NEW YORK (TheStreet) -- I was chided two months ago when I told investors that shares of Home Depot (HD), which were then coming off a strong May quarter report, were not as attractively priced as rival Lowe's (LOW), which, by contrast, had posted a disappointing first quarter.
Two months later, it seems the Street agrees. Home Depot has traded flat to slightly down while Lowe's has been up by more than 12%.
I'm not going to overstate what this means. A two-month performance does little to erase the fact that shares of Home Depot, which have soared more than 190% over the past five years, more than doubled Lowe's performance during that same span. But that's exactly the point. The Street has always loved this stock. What are the odds this love affair will last for the next five years? If this recent quarter was any indication, Home Depot is determined to make it a hard breakup.

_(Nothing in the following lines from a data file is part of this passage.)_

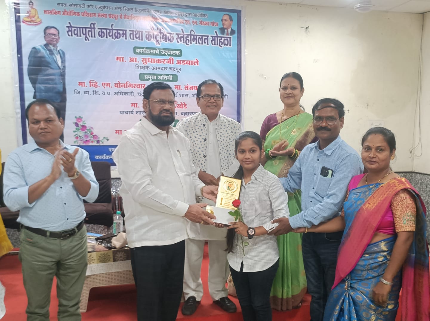 बल्लारपूर शासकीय औद्योगिक प्रशिक्षण संस्थेचे प्राचार्य राजरत्न वानखेडे, वणी शासकीय औद्योगिक प्रशिक्षण संस्थेचे प्राचार्य संजय तेलतुंबडे, सत्कारमूर्ती नामदेव गेडकर , श्रीमती श्यामलता गेडकर , श्रीमती तेलतुंबडे प्रामुख्याने उपस्थित होते. या कार्यक्रमात एन. एन. गेडकर यांनी संकलित केलेल्या बुद्ध भीम गीतसंग्रह प्रकाशन करण्यात आले . चंद्रपूर शास.औ.प्र.संस्थेतून सेवानिवृत्त झाल्याबद्दल एन. एन. गेडकर यांचा सपत्नीक सत्कार आ. अडबाले यांच्या हस्ते राष्ट्रसंत विचार साहित्य परिषदेच्या वतीने करण्यात आला.
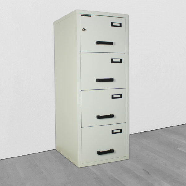 Sie suchen einen zuverlässigen Schubladentresor? Dann liegen Sie mit dem Rottner FireFile 4000 genau richtig. Verschließen Sie Ihre Utensilien und Wertgegenstände in vier geräumigen und vollausziehbaren Schubladen (auch für A4-Unterlagen passend). Jede Schublade lässt sich beschriften und ist individuell sperrbar. Geöffnet/versperrt wird der Schrank durch ein Zylinderschloss. Bei jeder Lade befindet sich seitlich ein kleiner Hebel, der nach links verschoben werden kann. Steht der Hebel in dieser Position, dann bleibt die Lade geöffnet, selbst wenn der Schrank versperrt ist. Befindet sich der Hebel rechts, dann wird die Lade verschlossen. Der Rottner Vertikalschrank hat eine kompakte Größe und schützt 60 Minuten lang Dokumente und Unterlagen vor Feuer. Zwei Schlüssel für das Zylinderschloss sind im Lieferumfang enthalten.
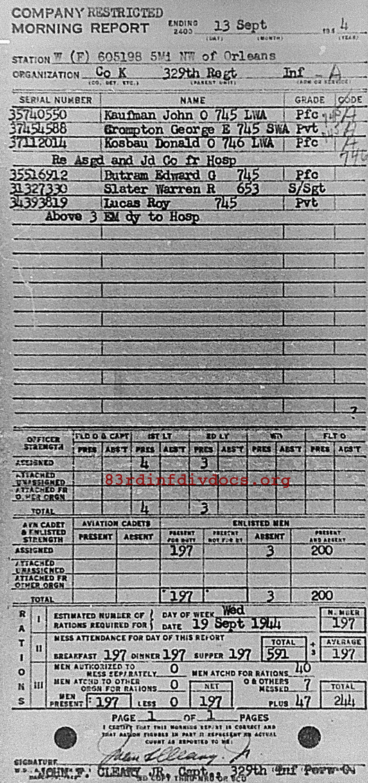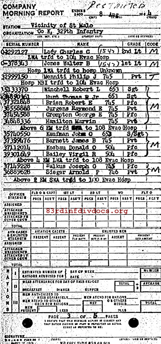 | Private First Class Kosbau was a member of K Company. The morning report for August 8, 1944 on page 19 lists him as lightly wounded in action and transferred to the 108nd Evacuation Hospital. The relevant page can be seen below. Since we have no later documents we assume that Private First Class Kosbau died while serving in K Company. |
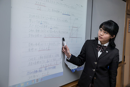 開校当時から電子黒板を導入し、パソコン、インターネット、AV機器などを活用したICT教育を行い、情報活用能力・情報分析能力・コミュニケーション能力・プレゼンテーション能力の育成を図ります。本校では個人のリテラシーにあわせて、BYOD(自己所有機器)の活用を行っています。

It's not often that I get excited about an earnings performance. But what Home Depot managed to do was pretty remarkable. Not only did the company post revenue growth of more than 9%, but same-store sales (comps), which track the performances of stores that have been opened for at least one year, surged closed to 11%. This is an astounding number, especially since the Street was looking for same-store sales growth of just 7%.(WMT) just posted flat comps, while the Street would have been happy if Wal-Mart had only delivered 1% growth. Likewise, McDonald's (MCD) just recently posted 1% growth in comps. Obviously, McDonald's and Home Depot are in completely separate businesses. But it's still consumer spending. What's more, you would have to go back to 1999 to find when Home Depot performed so well in terms of U.S. comps. Clearly, the company knows what it's doing. The Street is more than justified for wanting to "build a position" in Home Depot. My issue, though, is given the stock's strong uptrend over the past five years, which was spurred by the housing recovery, I just don't believe there's much outperformance left.